This article from the Wall Street Journal entitled The Stock Picker's Defeat provides us with one of the most valuable lessons that we should learn on Stock Picking. It also records the rise and fall of Bill Miller of Legg Mason, one of the most successful fund managers on Wall Street. Please click on the link to read the article.
I quote from the WSJ article: -
"The thing I didn't do, from Day One, was properly assess the severity of the liquidity crisis… Every decision to buy anything has been wrong." Bill Miller, manager, Value Trust
I quote from the WSJ article: -
"The thing I didn't do, from Day One, was properly assess the severity of the liquidity crisis… Every decision to buy anything has been wrong." Bill Miller, manager, Value Trust
To this statement, may I add that there are three very important strategies that affect your Investment / Trading Profitability: -
First, the overall Strategic Economic Cycle affects the Primary Wave Trend Direction, i.e. if the economy is in recession, then the Big Wave, i.e. the Primary Wave will be a Downtrend, which means that with the passage of time, price will be lower than it is today.
This is what we are experiencing today, i.e. lower and lower prices. Contrary to the Pure Fundamental Analysis Investor (Fundamentalist), this approach is called the Global Macro Strategy, and it is the strategy adopted by George Soros. Contrary to popular beliefs, George Soros is first and foremost a Fundamentalist, but at Strategic Economic Cycle level, rather than Stock Investing Level.
I can tell you one thing - NEVER Argue with the Strategic Economic Cycle, i.e. don't buy a stock in a Primary Downtrend. I make one exception, i.e. when the market has crashed by more than 30%, in a Climb Back to Health Scenario. Even then, I would only consider the possibility, rather than to rush in.
This is probably the first strategy missing from most investment / trading system, and this is THE SYSTEM that was omitted by Bill Miller, causing his downfall.
The Second Strategy is the Market Sentiment, monitored in the form of Technical Analysis. Yes, even in Downtrend Economic Cycles, markets go up. However, the market tend to go down 100% and go up between 30 % to 67%, and then go down another 100% in a Primary Downtrend.
If you can't see the charts and the key waves, you will be confused because the market goes up and down. Market Sentiment allows you to win even when you buy in a Primary DownTrend, but when you win, you will a little, while when you lose, you lose a lot.

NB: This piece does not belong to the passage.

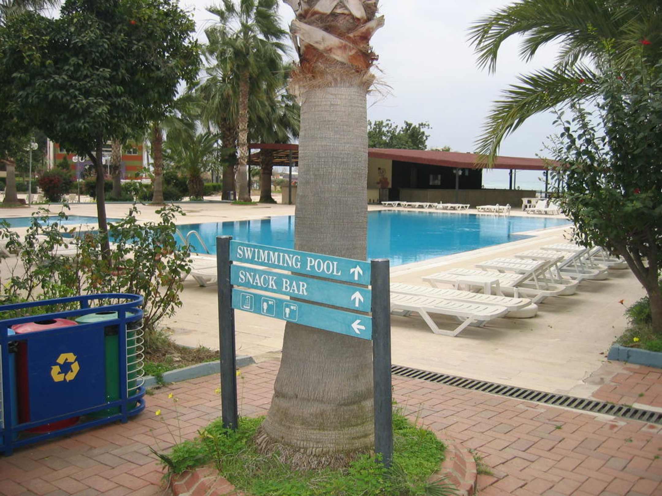 Der Pool vom Bloch B ausgesehen, im Hintergrund die Poolbar.

This is in contradiction with the Rules of a Master Speculator, as explained by Victor Sperandeo. in his book, Methods of a Wall Street Master. We should trade in the direction of the Primary Trend, so that we win more than we lose in terms of Reward / Risk Ratio.
Also, when economy is bad, good news doesn't move the market up by a lot, but bad news move it down quickly and by a significant amount. The only time when the market shrugs off bad news in a Primary Downtrend is when it is having one of its bullish sentiment bouts, and this is seen in the form of a Correction Wave. This wave lasts between 3 weeks to 3 months, and I think we are about to see such a Wave in the Dow.
Even if Bill Miller had ignored the Strategic Economic Cycle / Global Macro Strategic Outlook, he would have been saved if he had understood Technical Analysis. Most Fundamentalists tend to look at Technical Analysis as hocus pocus rather than a science, but as the saying goes, "Ignore what you don't know at your peril."
The third strategy, i.e. Fundamental Analysis, is the most popular and most believed in Investment Strategy. Fundamental Analysis is important only in telling you WHAT to buy, never when to buy. Only Technical Analysis and Strategic Economic Cycles can tell you WHEN. In other words, Fundamentalists for Stock Investing have INCOMPLETE ARSENAL of INVESTMENT TOOLS to make good decisions.
I really believe you need all three strategies. Imagine a Carpenter who only has a Hammer. I don't think he will make very good tables. However, another carpenter with screwdrivers, hammer, bolts and nuts, is likely to make a better table, provided he knows when to use what under which condition. To say that the Hammer is more important than the screwdriver is wrong. It depends on whether you are assembling the furniture parts with screws, or banging a nail into the furniture.
However, let's face it. If you buy at the right time, even if it is a rubbish stock that you know nothing about, you will make money. On the other hand, you may buy the best stock in the market, but if the overall market and economy is bad, even the good fundamental stock will go down. So, if we have to choose between knowing WHAT to buy vs WHEN to buy, WHEN is more important.
Of course, if you have both, you should outperform those with only one of the two skills in the longer term. Makes sense?
It's really up to you. It's your money, and you have every right to employ it any which way you like. Whether you make money or not, you will be the one that will have to live with the consequences of your decision.
I have been involved in the stock market industry for almost 20 years now, and have seen a number of market crashes, and various investment theories. I have also spent the last 1.5 years researching the various secrets of success of billionaire traders. I am merely sharing what I believe is the secret formula to success.